1

I am experiencing a very complicated issue with Kubernetes in my production environments losing all their Agent Nodes, they change from Ready to NotReady, all the pods change from Running to NodeLost state. I have discovered that Kubernetes is making intensive usage of disks:

Agent Node Usage

Agent Node Usage 2

Kubectl get nodes

enter image description here

My cluster is deployed using acs-engine 0.17.0 (and I tested previous versions too and the same happened).

On the other hand, we decided to deploy the Standard_DS2_VX VM series which contains Premium disks and we incresed the IOPS to 2000 (It was previously under 500 IOPS) and same thing happened. I am going to try with a higher number now.
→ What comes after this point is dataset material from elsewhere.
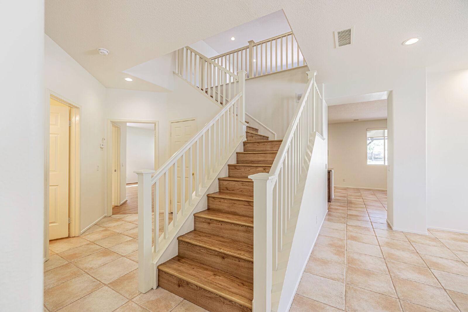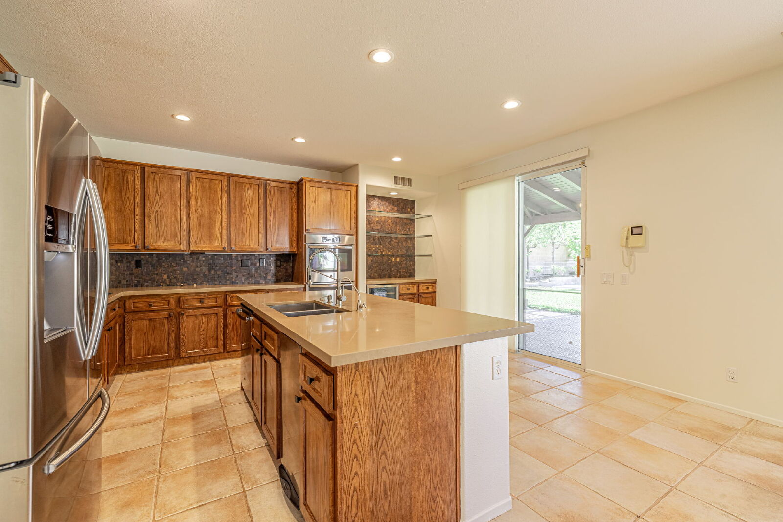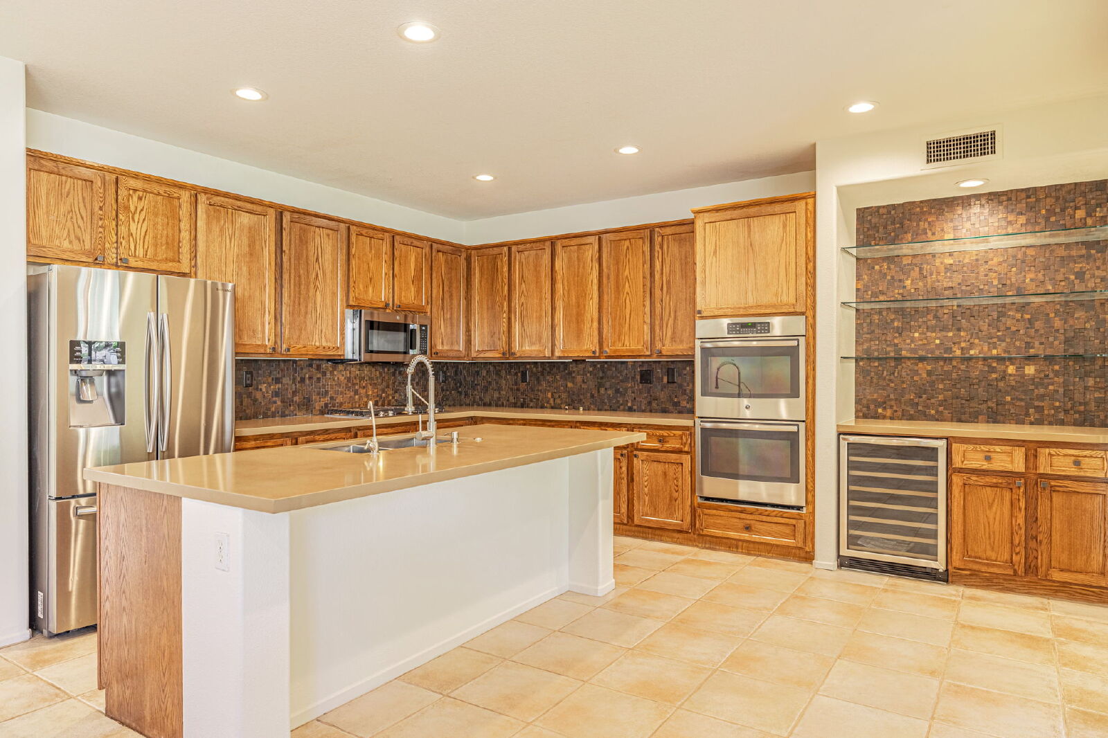 Step inside to a bright and open formal living and dining area with elegant ceramic tile flooring. The gourmet kitchen has been tastefully remodeled and features quartz countertops, a large center island, recessed lighting, and upgraded stainless steel appliances—including a double convection oven, dishwasher, microwave, trash compactor, and refrigerator. A butler’s pantry with a wine refrigerator and glass shelving provides the perfect touch for entertaining.

Any help on this will be appreaciated.

Amrit
  • 1,964
  • 19
  • 25
  • We faced the same issue on acs. The support couldn’t do much and recommend to create new cluster! We increased IO as well with bigger machines. But nothing worked. – Amrit May 23 '18 at 05:57
  • Thanks for comment this out. Hey how did you proceed with this? Do you still run under kubernetes? I could not receive well answers on this from the community. We are running almost 3 weeks and we created at least 5 times the cluster changing parts of hardware. Nothing worked. – Hugo Marcelo Del Negro May 23 '18 at 13:05
  • I recreated the clusters with bigger VMs (more i/o etc.) that kind of fixed it temporarily. You can do the same and pick the max IO you can afford for the time being. Also we have i/o metrics which pushes alerts to our team chat app. This helps to fix before production goes down. We then scale up the cluster. So that k8s reschedules pods to healthy nodes. Also we run multiple replicas of each app on every node - keeps the service stable on node failures. Not sure if it’s an Azure issue, but we are thinking of migrating to AWS. – Amrit May 23 '18 at 13:11
  • Azure have a lot of issues - may be an internal azure process is creating this mess, like https://github.com/Microsoft/OMS-Agent-for-Linux/issues/632 . I tried to track this culprit down but failed and eventually gave up. We even “bought” tech support subscription from Azure for this issue - but of no use. – Amrit May 23 '18 at 13:21
  • I am thinking on moving to AWS as well or GCP, I posted an issue into Kubernetes Github showing this in order to verify that it is not going to happen in another cloud provider as well. Please if you have 5 minutes give me some support there https://github.com/kubernetes/kubernetes/issues/64108 to push this response and realize how good is moving around another cloud provider... – Hugo Marcelo Del Negro May 23 '18 at 13:52

1 Answers1

0

It was a microservice exhauting resources and then Kubernetes just halt the nodes. We have worked on establishing resources/limits based so we can avoid the entire cluster disruption.